§ DATA UNDER STUDY:
--- START ---

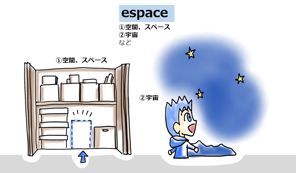 フランス語のespaceエスパス も同じく「空間(スペース)」「宇宙」という意味があります。ただこの二つの意味は考え方によっては同じ意味とも言えます。
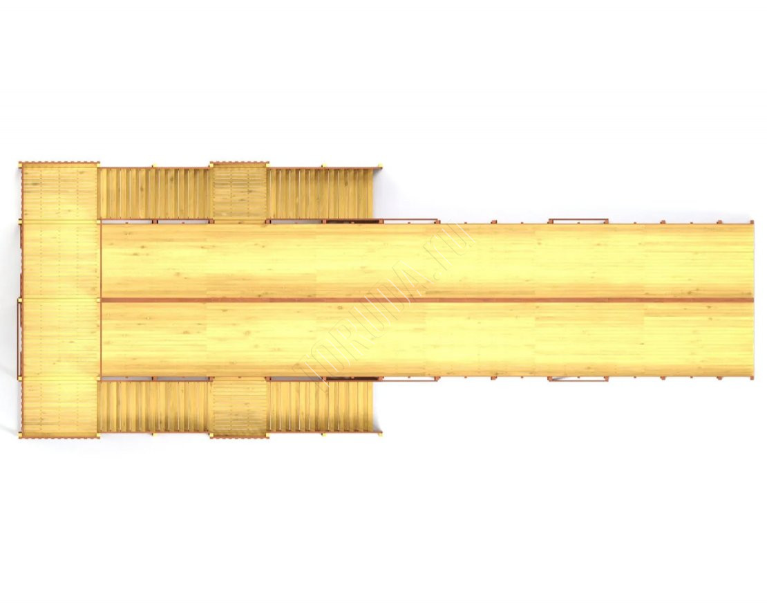 Каркас выполнен из клеёного бруса камерной сушки, все поверхности тщательно отшлифованы, углы скруглены, а крепежи закрыты заглушками.
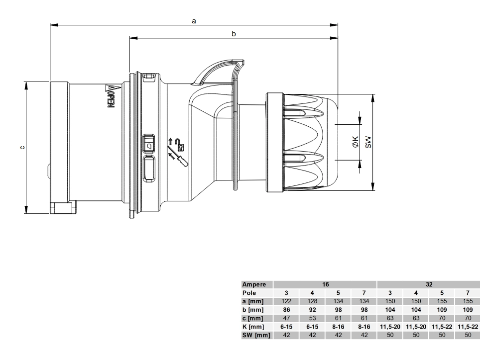 Ta wtyczka siłowa 16A, przeznaczona do instalacji z napięciem 400V (50/60 Hz), to solidne rozwiązanie zapewniające bezpieczne i niezawodne połączenie w trudnych warunkach. Zbudowana zgodnie z normą EN 60309-2, wtyczka posiada pięć biegunów i jest łatwo rozpoznawalna dzięki czerwonej barwie (RAL 3000).
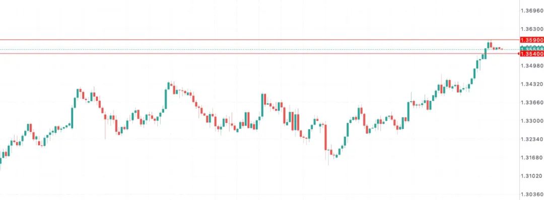 英镑周一突破上周五创出的历史高位1.3540水平,汇价升至1.3590区域受阻回落,短期内英镑仍可能继续回落调整。若英镑进一步回落至1.3540区域下方,将加深其下行调整幅度,或测试1.3450支撑区域。一旦汇价在支撑区域出现企稳迹象,将迎来再度反弹机会,并再次挑战1.3590区域甚至创新高测试1.3655及更高区域。
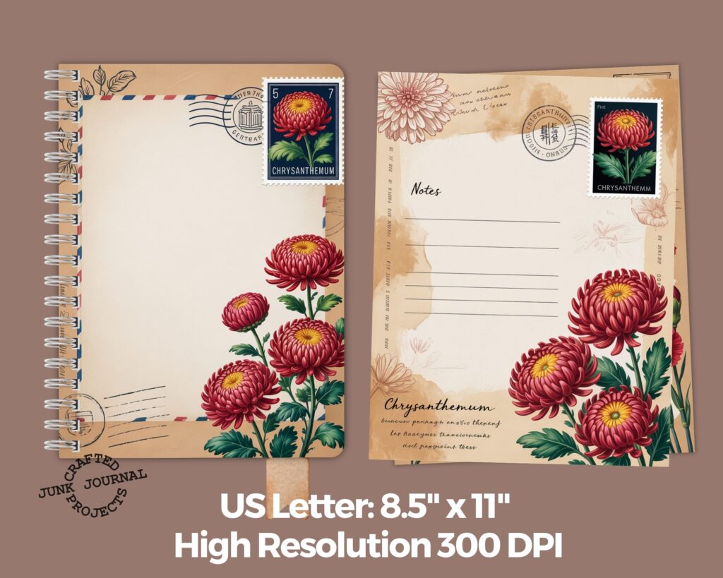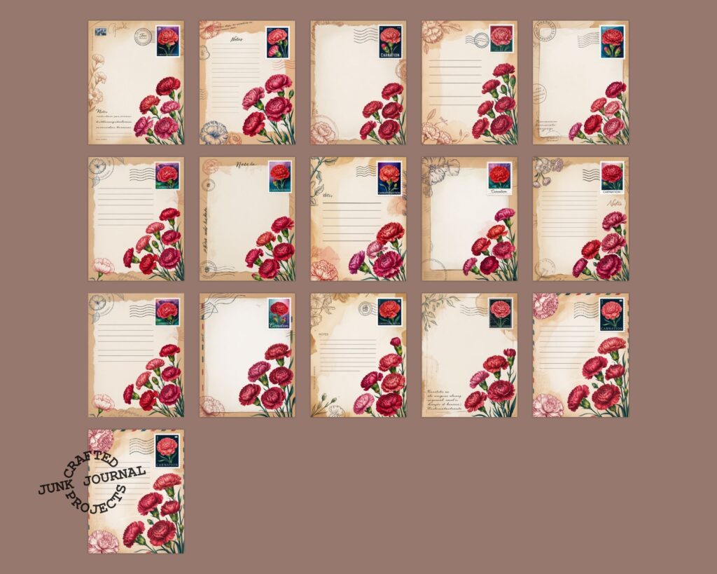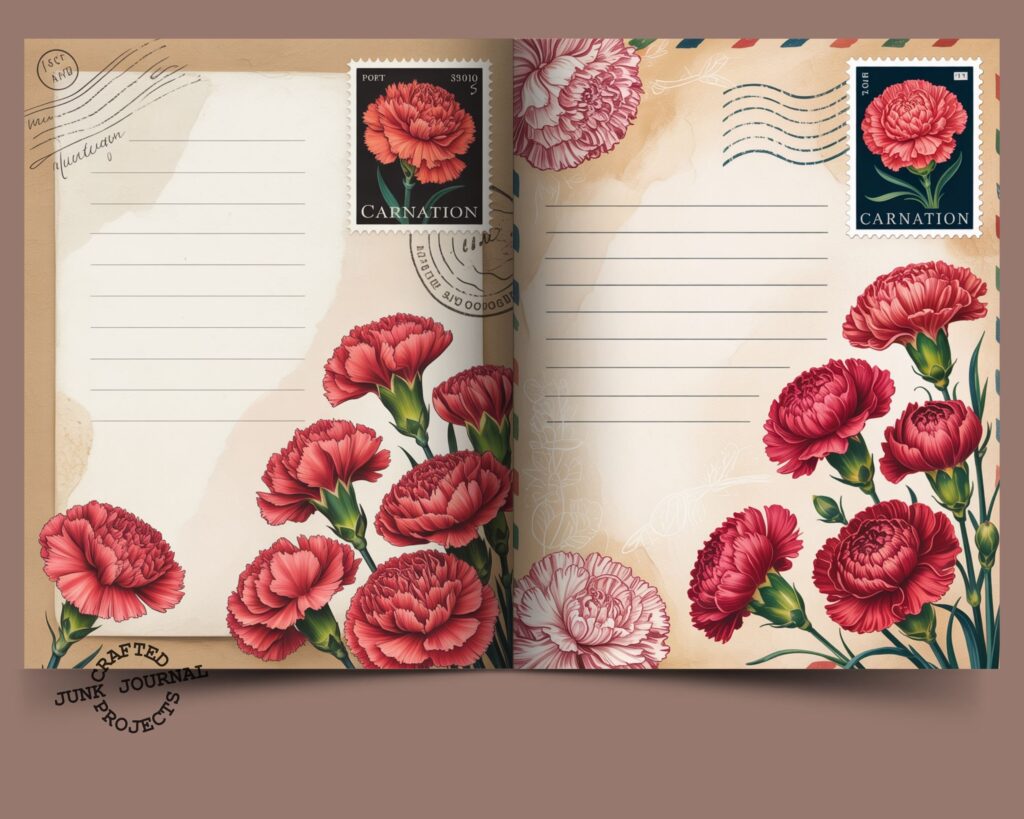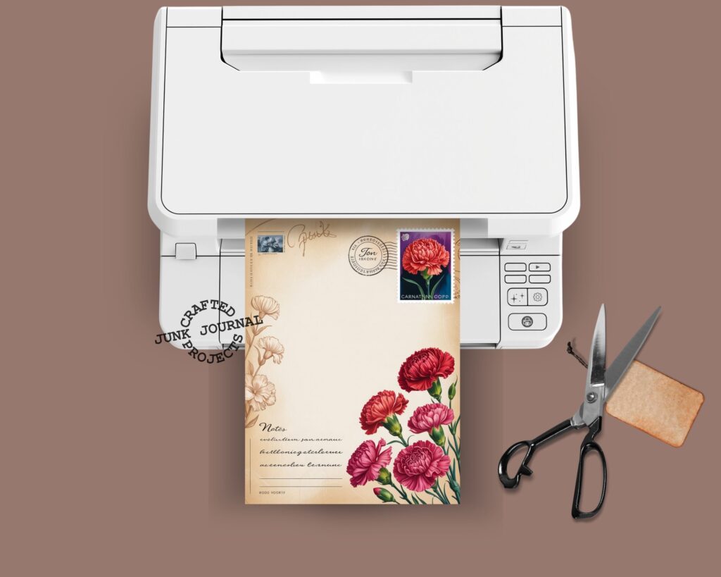 January Carnation Birth Flower Journal Pages, Menstrual & Daily Notes Printable, Junk Journal Supplies, Vintage Scrapbook Kit
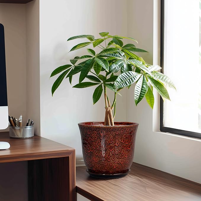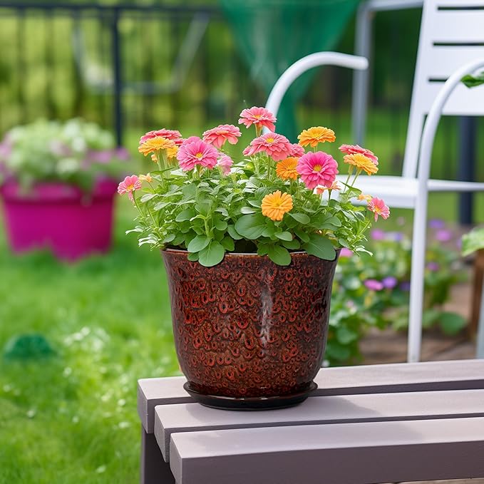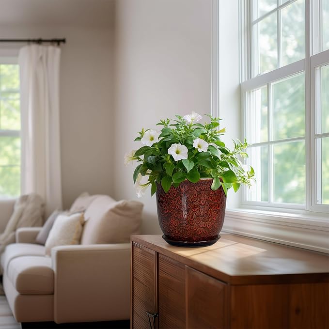 Ceramic Planter - 8 Inch Plant Pot for Indoor Outdoor, Ceramic Flower Pots with Drainage Hole and Saucer, Round Planter, Decorative Plant Pot, Room Home Apartment Decor, Gift for Women, Red
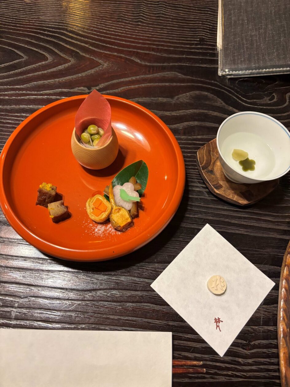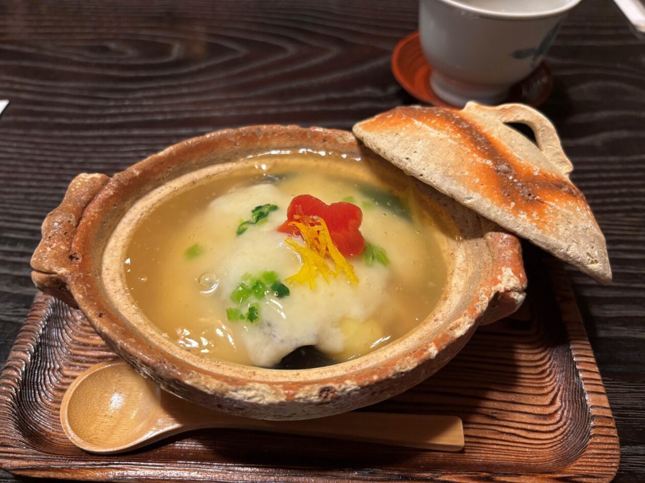 普茶料理の「丸」は「陽」、「三角」は「陰」です。陰陽がバランスされたお汁になっていました。
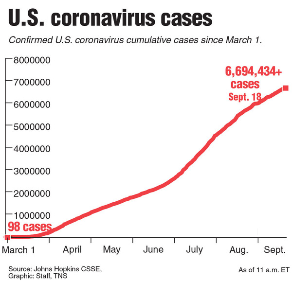 Complicating the picture is a decline in testing. The U.S. was performing about 5.6 million screenings a week in late July, but in the seven days through Sept. 12 did only about 4.6 million, according to data from the COVID Tracking Project. Unevenness in testing has dogged efforts to make sense of the virus's path.
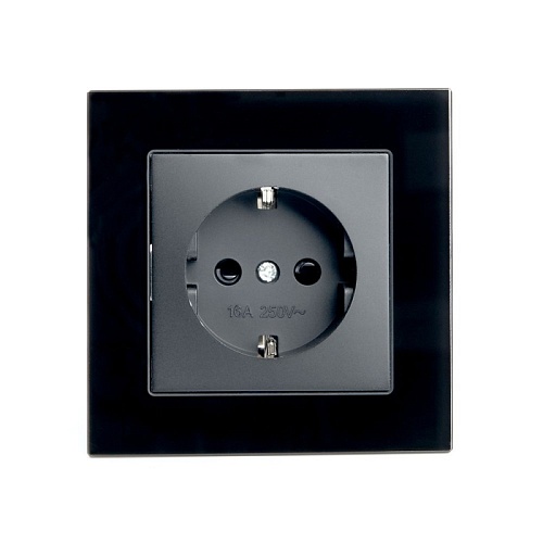 Розетка 1-местная с защитной шторкой с/з STEKKER GLS16-7010-05, 250В, 16А, черный 39513
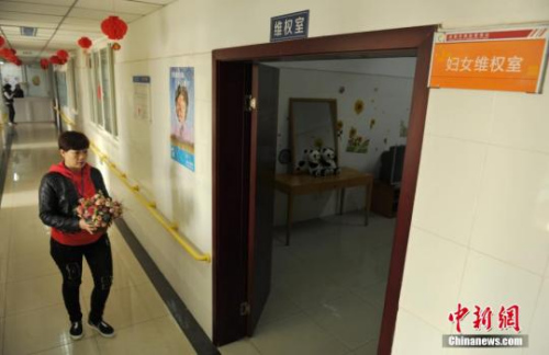 资料图:成都市妇女维权救助中心10年来已先后为30余名家庭暴力受害人提供了临时生活帮助、心理抚慰和法律援助等。图为今年3月3日,工作人员装点临时庇护屋。 中新社记者 刘忠俊 摄

--- END ---

§ EXERCISE OBJECTIVE:
With the pictures omitted, the records above are to be repeated exactly.

§ TASK OUTPUT:
 フランス語のespaceエスパス も同じく「空間(スペース)」「宇宙」という意味があります。ただこの二つの意味は考え方によっては同じ意味とも言えます。
 Каркас выполнен из клеёного бруса камерной сушки, все поверхности тщательно отшлифованы, углы скруглены, а крепежи закрыты заглушками.
 Ta wtyczka siłowa 16A, przeznaczona do instalacji z napięciem 400V (50/60 Hz), to solidne rozwiązanie zapewniające bezpieczne i niezawodne połączenie w trudnych warunkach. Zbudowana zgodnie z normą EN 60309-2, wtyczka posiada pięć biegunów i jest łatwo rozpoznawalna dzięki czerwonej barwie (RAL 3000).
 英镑周一突破上周五创出的历史高位1.3540水平,汇价升至1.3590区域受阻回落,短期内英镑仍可能继续回落调整。若英镑进一步回落至1.3540区域下方,将加深其下行调整幅度,或测试1.3450支撑区域。一旦汇价在支撑区域出现企稳迹象,将迎来再度反弹机会,并再次挑战1.3590区域甚至创新高测试1.3655及更高区域。
 January Carnation Birth Flower Journal Pages, Menstrual & Daily Notes Printable, Junk Journal Supplies, Vintage Scrapbook Kit
 Ceramic Planter - 8 Inch Plant Pot for Indoor Outdoor, Ceramic Flower Pots with Drainage Hole and Saucer, Round Planter, Decorative Plant Pot, Room Home Apartment Decor, Gift for Women, Red
 普茶料理の「丸」は「陽」、「三角」は「陰」です。陰陽がバランスされたお汁になっていました。
 Complicating the picture is a decline in testing. The U.S. was performing about 5.6 million screenings a week in late July, but in the seven days through Sept. 12 did only about 4.6 million, according to data from the COVID Tracking Project. Unevenness in testing has dogged efforts to make sense of the virus's path.
 Розетка 1-местная с защитной шторкой с/з STEKKER GLS16-7010-05, 250В, 16А, черный 39513
 资料图:成都市妇女维权救助中心10年来已先后为30余名家庭暴力受害人提供了临时生活帮助、心理抚慰和法律援助等。图为今年3月3日,工作人员装点临时庇护屋。 中新社记者 刘忠俊 摄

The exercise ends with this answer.